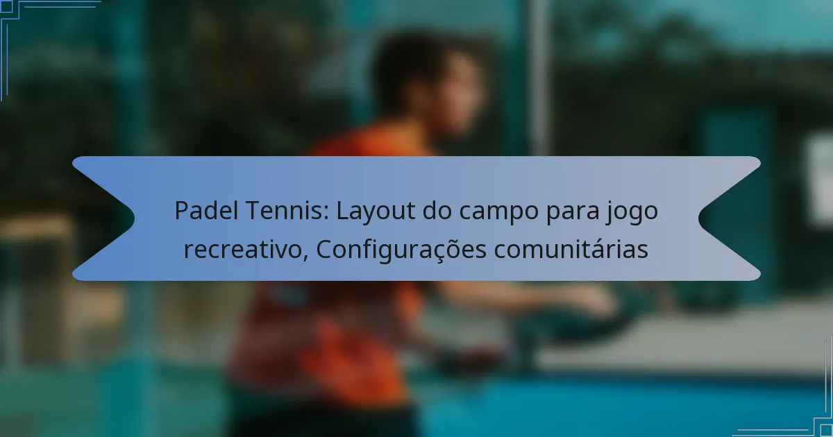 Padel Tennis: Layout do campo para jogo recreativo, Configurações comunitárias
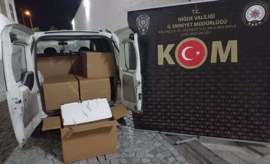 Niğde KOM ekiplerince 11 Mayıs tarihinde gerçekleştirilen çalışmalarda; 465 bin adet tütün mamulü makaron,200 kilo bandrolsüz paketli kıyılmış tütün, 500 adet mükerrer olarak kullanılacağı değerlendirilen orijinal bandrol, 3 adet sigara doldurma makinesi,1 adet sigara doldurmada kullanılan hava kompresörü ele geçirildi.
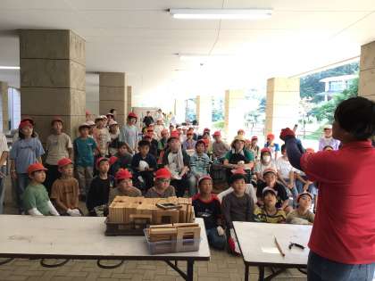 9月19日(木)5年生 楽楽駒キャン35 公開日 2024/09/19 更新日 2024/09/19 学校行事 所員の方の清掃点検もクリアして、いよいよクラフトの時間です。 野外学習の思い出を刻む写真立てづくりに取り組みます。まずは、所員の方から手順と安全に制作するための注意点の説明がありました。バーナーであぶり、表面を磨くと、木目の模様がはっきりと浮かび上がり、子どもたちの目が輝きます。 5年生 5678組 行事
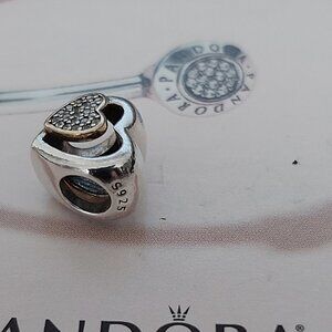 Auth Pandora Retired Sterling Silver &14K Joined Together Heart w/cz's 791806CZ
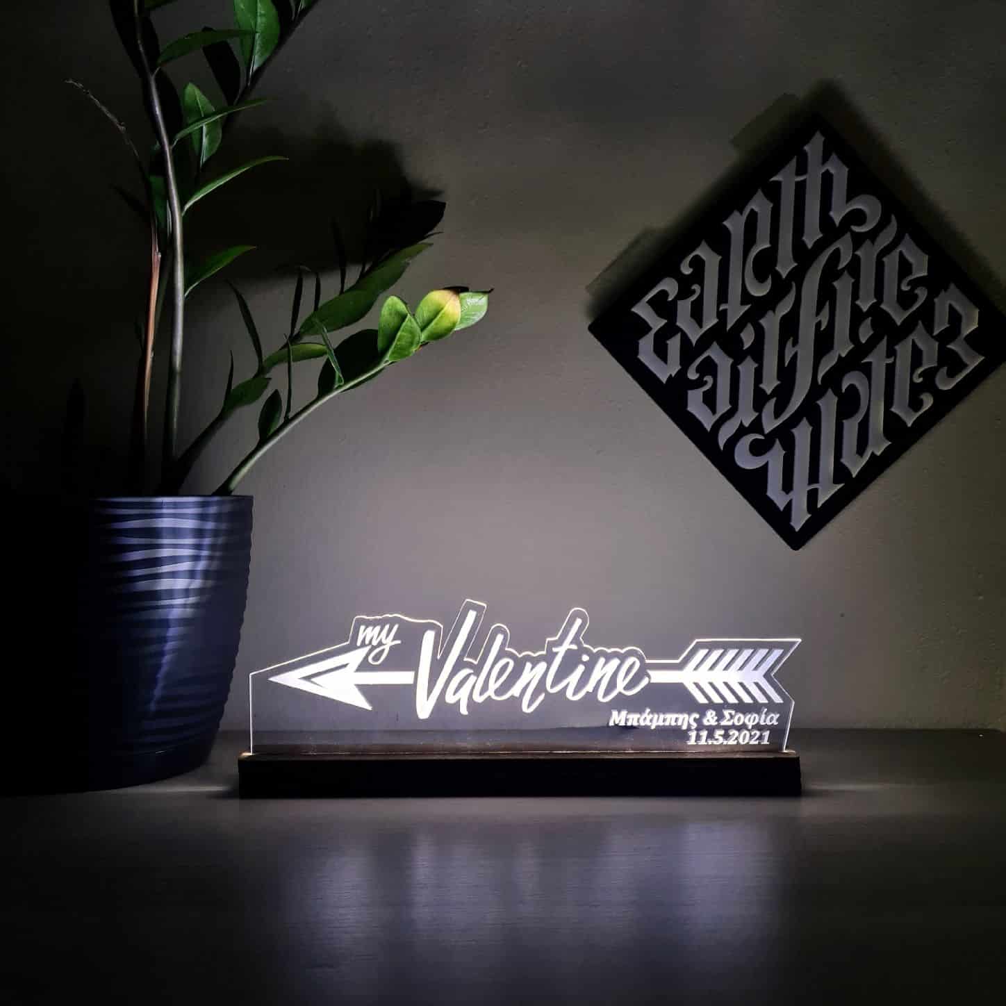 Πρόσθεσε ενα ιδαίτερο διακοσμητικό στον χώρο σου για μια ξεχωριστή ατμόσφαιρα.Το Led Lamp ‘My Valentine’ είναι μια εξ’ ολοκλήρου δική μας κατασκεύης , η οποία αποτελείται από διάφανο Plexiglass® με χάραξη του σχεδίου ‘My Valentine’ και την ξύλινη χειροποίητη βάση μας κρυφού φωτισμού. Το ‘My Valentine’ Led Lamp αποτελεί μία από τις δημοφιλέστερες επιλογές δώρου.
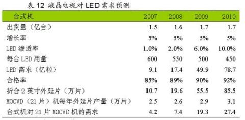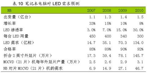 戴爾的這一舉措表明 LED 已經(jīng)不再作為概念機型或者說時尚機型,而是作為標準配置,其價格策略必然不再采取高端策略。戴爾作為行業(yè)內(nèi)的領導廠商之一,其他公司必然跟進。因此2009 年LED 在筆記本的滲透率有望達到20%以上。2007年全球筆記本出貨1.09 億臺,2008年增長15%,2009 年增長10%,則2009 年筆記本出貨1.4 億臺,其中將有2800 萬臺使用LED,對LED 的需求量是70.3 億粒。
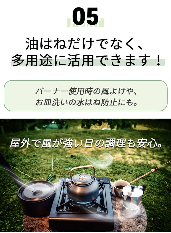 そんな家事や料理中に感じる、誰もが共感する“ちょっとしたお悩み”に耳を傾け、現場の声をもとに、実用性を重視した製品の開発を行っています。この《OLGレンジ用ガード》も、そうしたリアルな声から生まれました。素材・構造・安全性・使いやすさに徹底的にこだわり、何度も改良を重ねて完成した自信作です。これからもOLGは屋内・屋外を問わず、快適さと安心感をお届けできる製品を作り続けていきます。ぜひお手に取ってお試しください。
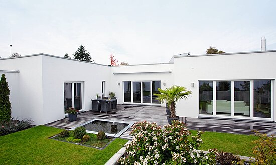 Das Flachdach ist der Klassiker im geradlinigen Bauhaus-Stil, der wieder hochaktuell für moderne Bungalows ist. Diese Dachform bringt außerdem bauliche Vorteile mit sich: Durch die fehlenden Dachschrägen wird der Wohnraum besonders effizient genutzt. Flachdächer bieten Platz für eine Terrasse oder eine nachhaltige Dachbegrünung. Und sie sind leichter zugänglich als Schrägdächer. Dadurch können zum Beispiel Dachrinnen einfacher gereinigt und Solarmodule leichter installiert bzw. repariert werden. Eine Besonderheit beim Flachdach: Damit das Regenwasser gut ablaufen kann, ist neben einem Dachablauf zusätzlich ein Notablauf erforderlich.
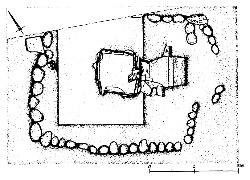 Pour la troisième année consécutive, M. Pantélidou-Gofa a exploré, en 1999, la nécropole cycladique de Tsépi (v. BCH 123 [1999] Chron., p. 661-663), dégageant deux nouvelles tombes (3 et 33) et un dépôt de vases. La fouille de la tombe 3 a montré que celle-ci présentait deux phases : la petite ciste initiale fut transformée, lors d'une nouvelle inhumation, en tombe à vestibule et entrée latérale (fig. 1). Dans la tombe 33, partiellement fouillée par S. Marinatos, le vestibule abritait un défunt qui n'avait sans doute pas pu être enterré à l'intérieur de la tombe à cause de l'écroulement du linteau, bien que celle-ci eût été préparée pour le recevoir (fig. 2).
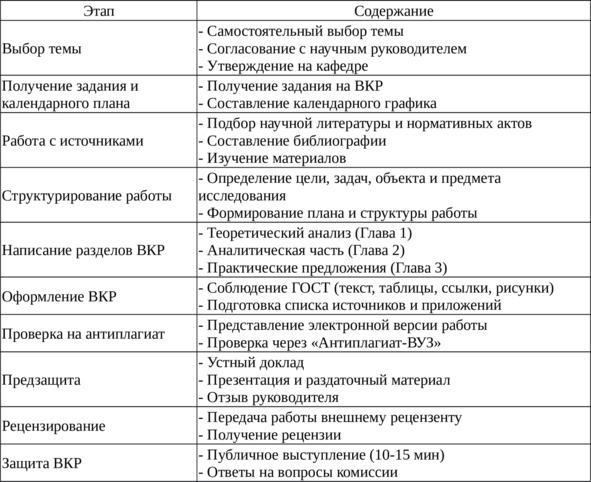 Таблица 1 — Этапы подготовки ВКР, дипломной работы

#### [How to complete this task]
The lines from the one with "そんな家事や料理中に感じる、" to the end of the data above should be retyped exactly, both ends included, and pictures are to be left out.

#### [Result below]
 そんな家事や料理中に感じる、誰もが共感する“ちょっとしたお悩み”に耳を傾け、現場の声をもとに、実用性を重視した製品の開発を行っています。この《OLGレンジ用ガード》も、そうしたリアルな声から生まれました。素材・構造・安全性・使いやすさに徹底的にこだわり、何度も改良を重ねて完成した自信作です。これからもOLGは屋内・屋外を問わず、快適さと安心感をお届けできる製品を作り続けていきます。ぜひお手に取ってお試しください。
 Das Flachdach ist der Klassiker im geradlinigen Bauhaus-Stil, der wieder hochaktuell für moderne Bungalows ist. Diese Dachform bringt außerdem bauliche Vorteile mit sich: Durch die fehlenden Dachschrägen wird der Wohnraum besonders effizient genutzt. Flachdächer bieten Platz für eine Terrasse oder eine nachhaltige Dachbegrünung. Und sie sind leichter zugänglich als Schrägdächer. Dadurch können zum Beispiel Dachrinnen einfacher gereinigt und Solarmodule leichter installiert bzw. repariert werden. Eine Besonderheit beim Flachdach: Damit das Regenwasser gut ablaufen kann, ist neben einem Dachablauf zusätzlich ein Notablauf erforderlich.
 Pour la troisième année consécutive, M. Pantélidou-Gofa a exploré, en 1999, la nécropole cycladique de Tsépi (v. BCH 123 [1999] Chron., p. 661-663), dégageant deux nouvelles tombes (3 et 33) et un dépôt de vases. La fouille de la tombe 3 a montré que celle-ci présentait deux phases : la petite ciste initiale fut transformée, lors d'une nouvelle inhumation, en tombe à vestibule et entrée latérale (fig. 1). Dans la tombe 33, partiellement fouillée par S. Marinatos, le vestibule abritait un défunt qui n'avait sans doute pas pu être enterré à l'intérieur de la tombe à cause de l'écroulement du linteau, bien que celle-ci eût été préparée pour le recevoir (fig. 2).
 Таблица 1 — Этапы подготовки ВКР, дипломной работы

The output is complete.